We would now hypothesize that aldosterone increases the activity of NCC within hours of its release from the adrenal gland via activation of SPAK, resulting in increased “in situ” cotransporter activity. This acute effect does not involve changes in protein expression and is thus potentially quickly reversed with suppression of aldosterone release by a salt load. While understanding the physiology of the chronic effects of aldosterone is important, understanding the physiology of aldosterone effects in this 12- to 36-h period could be especially important in the salt-abundant modern world we live in. This environment is much different from the low-salt hunter-gatherer environment with presumably chronically high aldosterone levels in which our genomes evolved. In fact, it is estimated that the diet of the typical hunter gatherer consisted of <1 g of sodium a day compared with the 3.4 g of sodium we now consume a day (21, 22). This low-salt diet has been the normal physiological state for 99% of the 2.5 million-year existence of the Homo genus. Only 10,000 years ago did we begin to transition to the salt-abundant world that we now live in (21, 22). In modern Western society, where hypertension is predominantly found, 99% of adults have >1.5 g of sodium intake a day, and 92% consumed >2.3 g (7). In this environment, a week of even moderate salt deprivation is rare, and 12–36 h of salt restriction is a more common occurrence. Therefore, a system which can modulate salt reabsorption rapidly with rapid changes in salt intake would be critical.
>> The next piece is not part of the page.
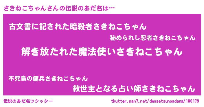 | ヒーロー風カッコイイあだ名 | 『銀牙騎士サキ』『ネオサキネコチャン』 |

Then, if the salt deficit persists, the chronic mechanisms of salt preservation begin. We would hypothesize that somewhere between 36 and 72 h the mechanism of NCC stimulation by aldosterone switches to an increase in the abundance of cotransporter. Work by Arroyo, et al. (2) indicates that the chronic stimulation of NCC protein abundance by aldosterone may potentially involve decreased ubiquitination of NCC by Nedd4-2. This mechanism would be consistent with the change in protein expression of NCC without a change in message seen with 72 h of salt restriction as reported by Masilimani et al. (28). It has now been reported that extended periods (2 wk) of a low-salt diet may result in an increase in NCC message as well as protein (24). Thus the stimulatory effect of aldosterone on NCC may actually be triphasic: Acutely, aldosterone increases function without changing abundance; then, it changes abundance without changing message, and finally after extended exposure perhaps it changes message and abundance. The quick onset and potential quick reversibility of the acute aldosterone effect on NCC would allow for a fast response to volume depletion and salt deprivation while preventing prolonged inappropriate hyperactivity of the cotransporter (as might be seen with changes in protein expression) in response to a short period of salt deprivation. The more robust chronic aldosterone effect would be critical to retaining salt in chronic salt deprivation as was quite common in the hunter-gatherer societies of our ancestors.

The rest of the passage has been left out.